━━ Data ━━

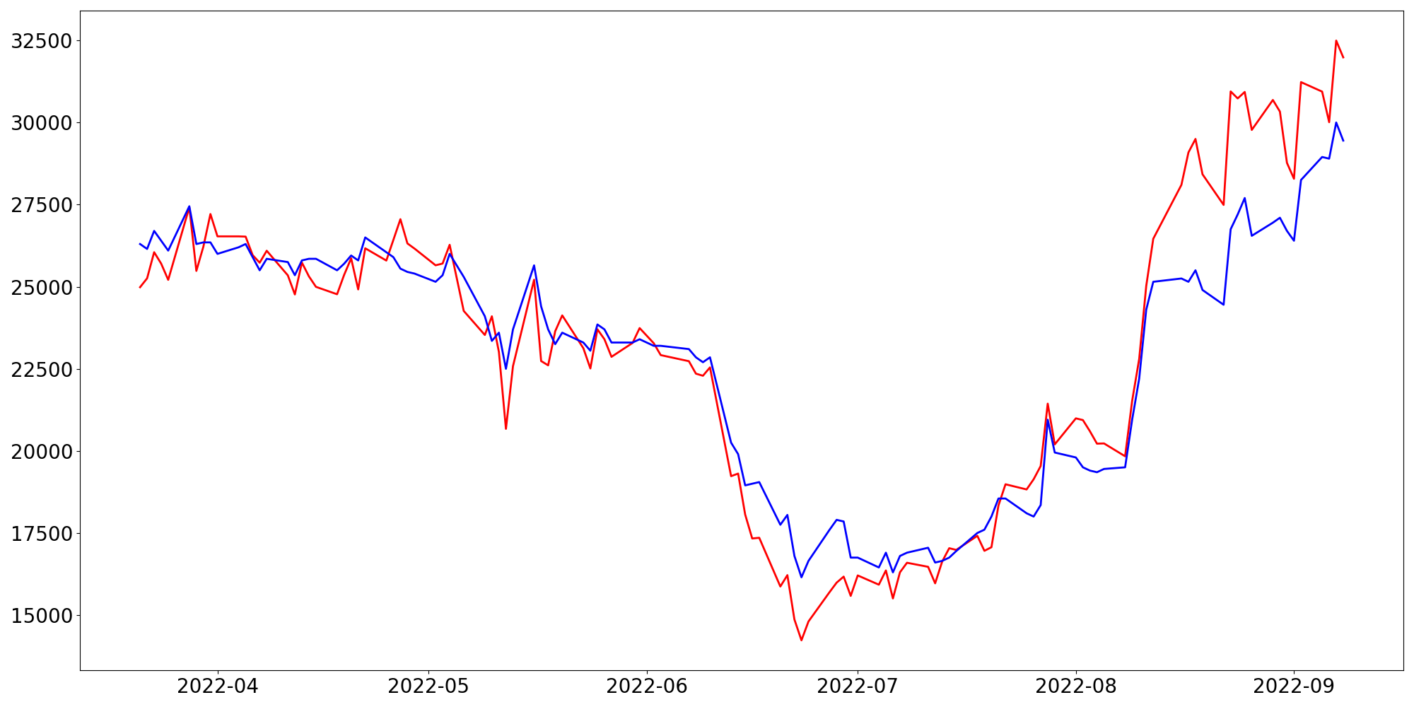 [ - : 실제값(종가) / - : 예측값(종가) ]
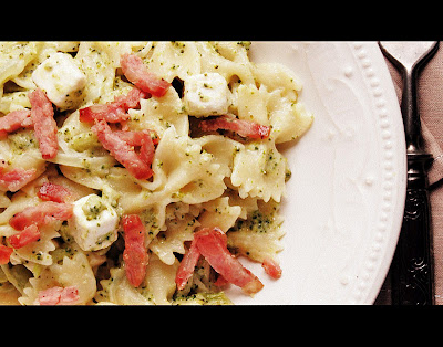 Farfalle fetával, brokkolival és fokhagymás sült szalámival
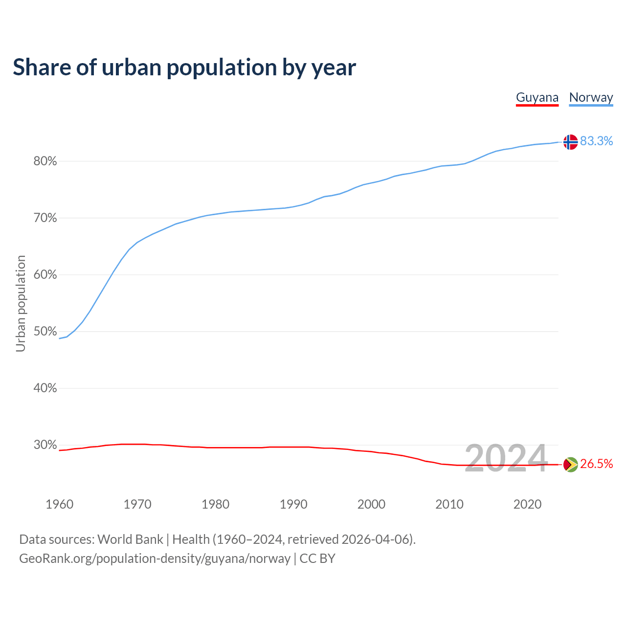 From 2004 to 2024, the share of urban population changed from 28.1% to 26.5% in Guyana and from 77.6% to 83.3% in Norway.
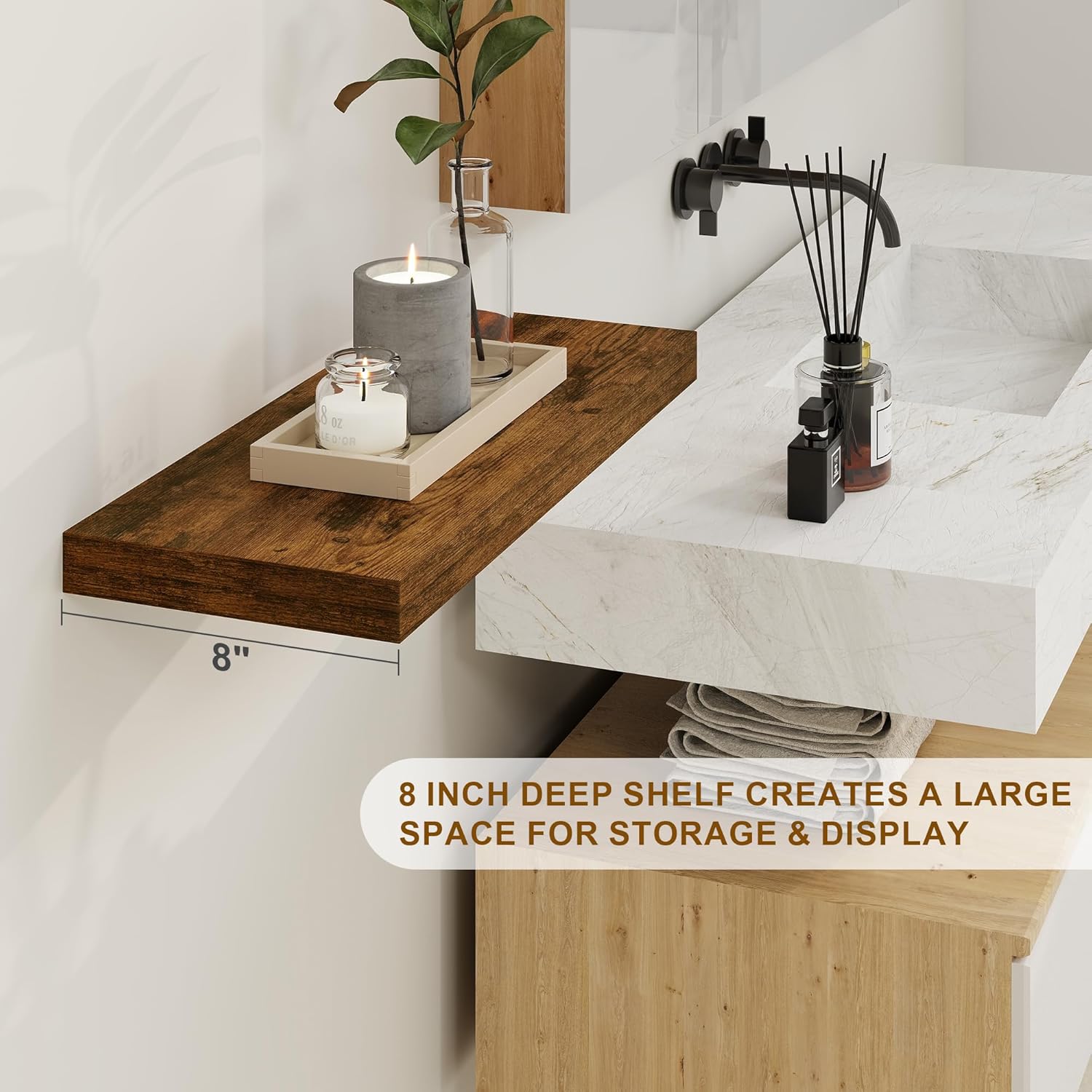 Fun Memories Floating Shelves, 8 Inch Deep Floating Shelves, Rustic Wood Fireplace Mantel 48 in Long, 48 x 8 Floating Wall Shelves for Living Room, Kitchen, Bedroom, Rustic Brown, 1 Pack

━━━

What you have to do – Drop the pictures, then write out only the lines running from the one containing "Farfalle fetával, brokkolival" through the last line above, both included, exactly.

Written reply –
 Farfalle fetával, brokkolival és fokhagymás sült szalámival
 From 2004 to 2024, the share of urban population changed from 28.1% to 26.5% in Guyana and from 77.6% to 83.3% in Norway.
 Fun Memories Floating Shelves, 8 Inch Deep Floating Shelves, Rustic Wood Fireplace Mantel 48 in Long, 48 x 8 Floating Wall Shelves for Living Room, Kitchen, Bedroom, Rustic Brown, 1 Pack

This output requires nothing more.